The connection between Nan Goldin and Berlin goes back a long way. As early as 1986, her work The Ballad of Sexual Dependency was shown at the Arsenal cinema, and in 1991 she moved to the city on a DAAD scholarship. In interviews, she repeatedly emphasized how much she felt at home in Berlin: “The best years of my life were here in Berlin,” she said in 2010. This emotional connection makes the Berlin exhibition a special highlight of her retrospective. With its emotional depth, political commitment and unique aesthetic, Nan Goldin’s retrospective at the Neue Nationalgalerie impressively demonstrates why she is one of the most important artists of our time. The exhibition is not only a retrospective of an impressive body of work, but also a wake-up call about how closely art and social reality are linked.

In addition to the exhibition at the Nationalgalerie, a planned symposium is causing controversy. Since October 7, 2023, the Berlin art scene has been characterized by deep tensions, which have been intensified by many heated and emotional discussions. In this cultural climate, the exhibition threatens to trigger further conflicts after the accompanying symposium, characterized by cancellations and cancellations, is unlikely to take place. The implementation of the symposium has been debated for months. The debate shows how political conflicts are increasingly becoming part of the cultural discourse and dividing the art world.
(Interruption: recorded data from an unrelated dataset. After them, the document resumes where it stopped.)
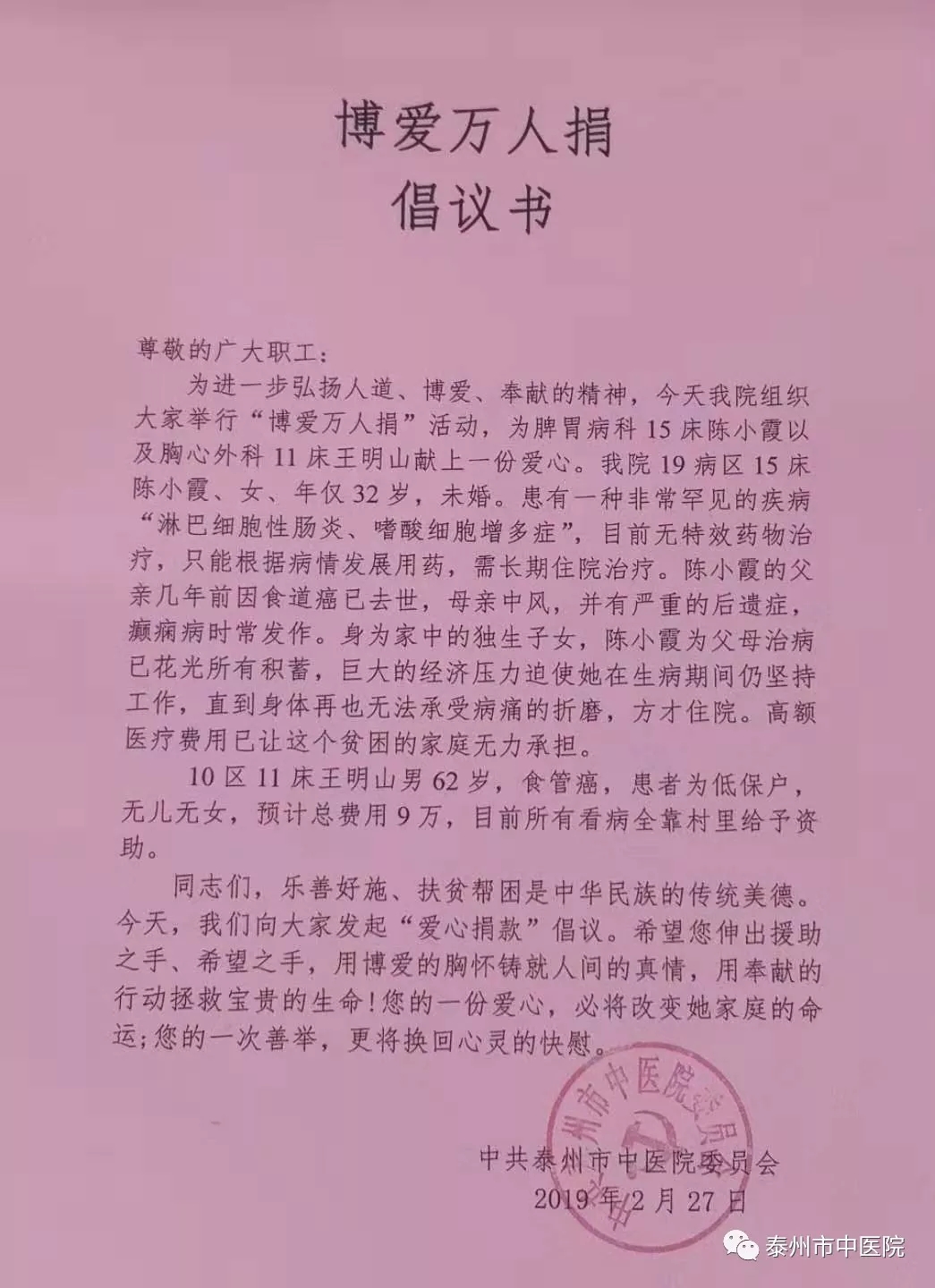 泰州市中醫(yī)院黨委辦公室發(fā)起了“紅十字博愛萬人捐”的倡議活動,全院干部職工積極響應,紛紛伸出了援助之手。
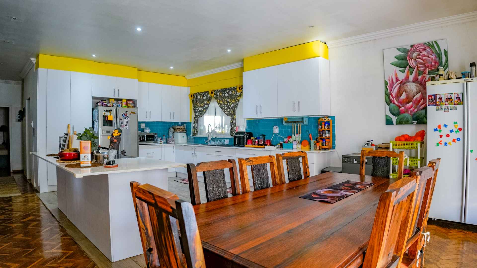 The kitchen offers generous cupboard space, room for a double-door fridge, and practical functionality for everyday living.
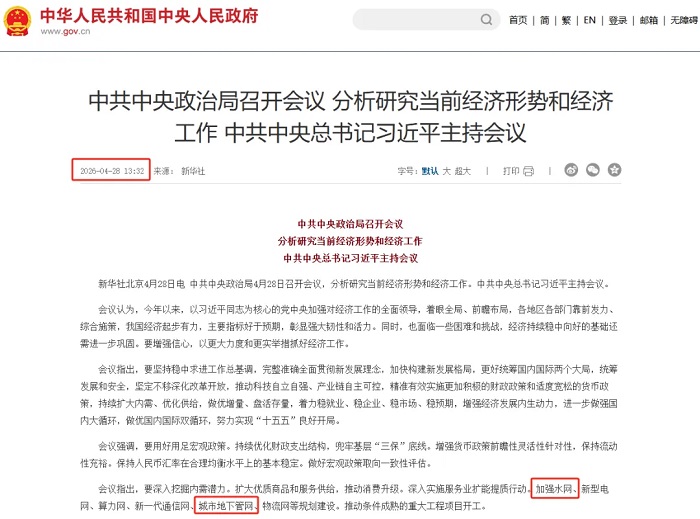 4月28日,中共中央政治局召开会议,聚焦当前经济形势与基础设施建设布局,明确提出加强水网、城市地下管网等“六张网”规划建设,释放城市地下管网建设升级的重磅政策信号。
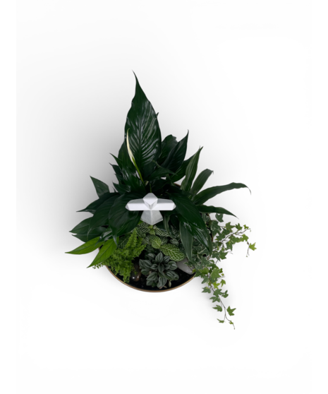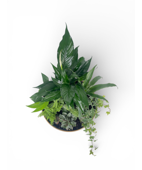 Our elegant dish gardens planted up in house with a variety of green easy care plants! No drainage, these gardens will require bright indirect indoor light and care will need to be taken not to overwater! Rated a 2 on our care scale out of 5! Approx. 16in tall and 13in wide.
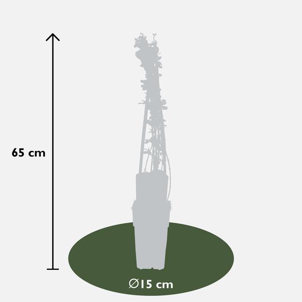 Deze Jasminum is een unieke klimplant, dankzij de bloei in de winterperiode. In januari en februari verschijnen er talloze gele bloemetjes aan de dan nog kale takken. Een erg vrolijk gezicht, op een moment waarop nog vrijwel niets in de tuin bloeit.
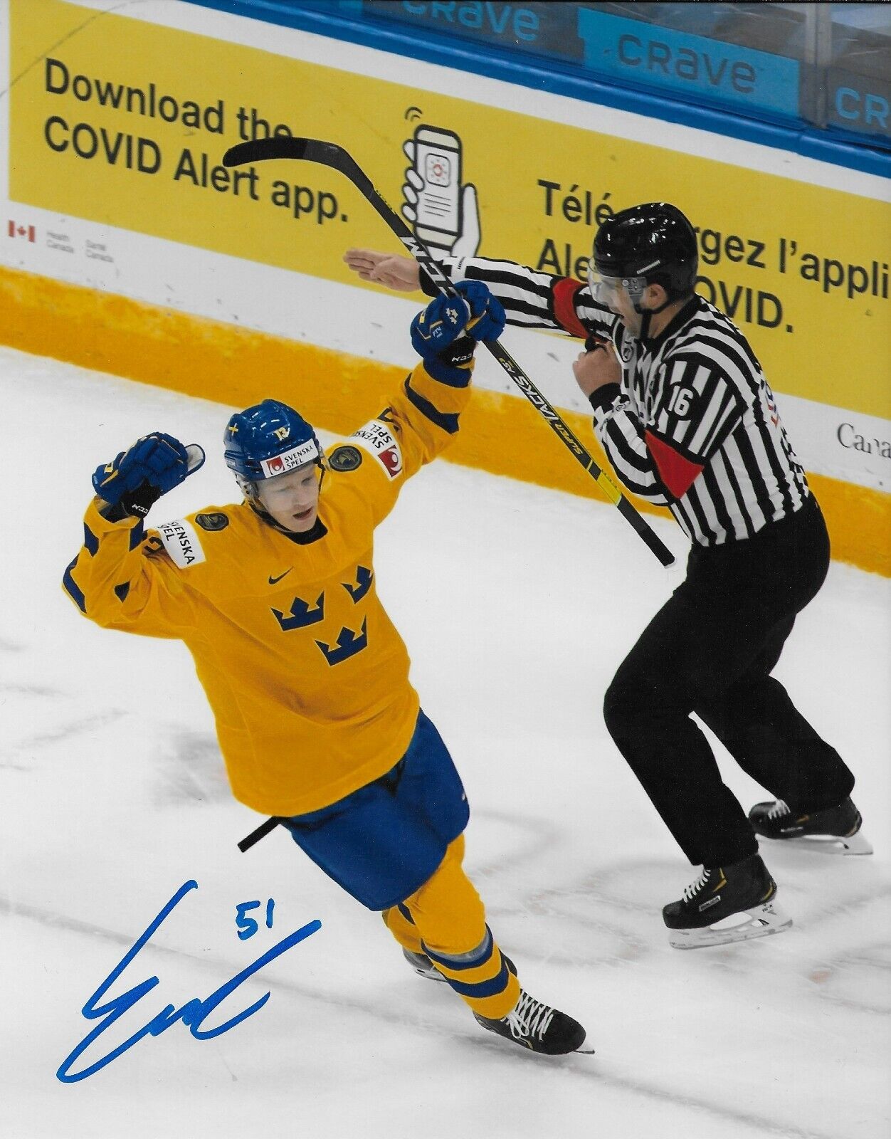 Great Autographed 8x10 Photo by Montreal Canadiens Rookie Emil Heineman in a Photo with Team Sweden. Obtained in person at my JB Autographs Signing, it is beautifully signed in Blue Sharpie, nice, clear and smudge free.
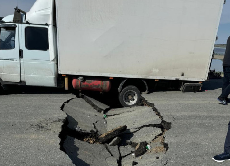 В Атырауской области грузовик провалился в огромную яму на трассе. Инцидент произошел на 27-м километре участка автодороги местного значения Атырау - Индер.
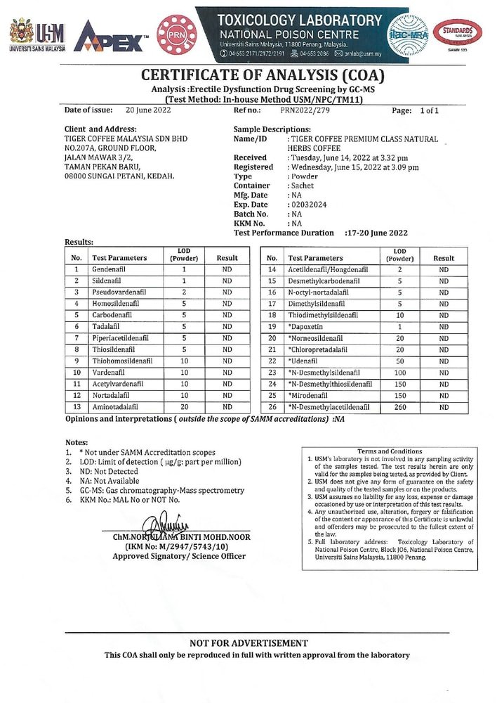 A: Tiger Coffee is suitable for most adult men. However, if you have a specific medical history or medical condition, please consult your physician before use.
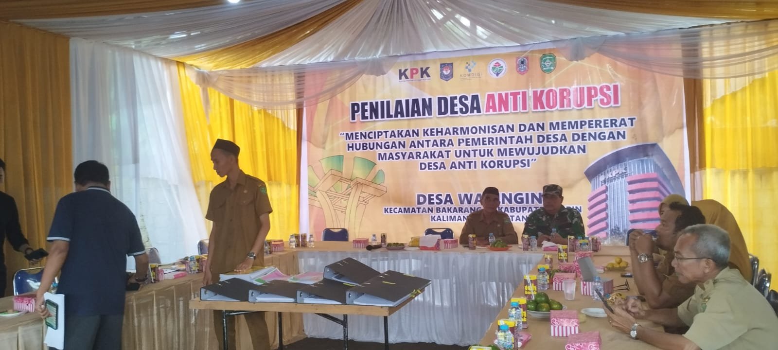 Kegiatan Penilaian Desa Anti Korupsi tersebut dihadiri oleh berbagai unsur penting, di antaranya Plt. Sekcam Bakarangan mewakili Camat Bakarangan, Tim KPK Provinsi Kalimantan Selatan, Kepala Desa Waringin, Inspektorat Provinsi Kalimantan Selatan, Inspektorat Kabupaten Tapin, Danpos Koramil 1010-02/Tambaruntung, Ketua TP PKK Desa Ketapang, Tokoh Masyarakat Desa Waringin, Aparat Pemerintah Desa Waringin.
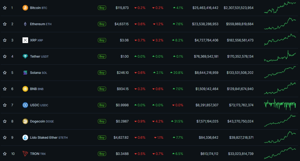Первая криптовалюта продолжила восходящий тренд. К концу рабочей недели котировки превысили $116 500. Цифровое золото не удержалось на достигнутых отметках и на выходных скорректировалось к ~$115 500.

A catalog will be published as part of the exhibition: a limited edition in nine volumes documenting all of Nan Goldin’s slide shows and multimedia projects. This collection is supplemented by texts by various authors who present their perspectives on the artist’s impressive work. Both the exhibition catalog and the book series are produced in cooperation between Moderna Museet and Steidl Verlag.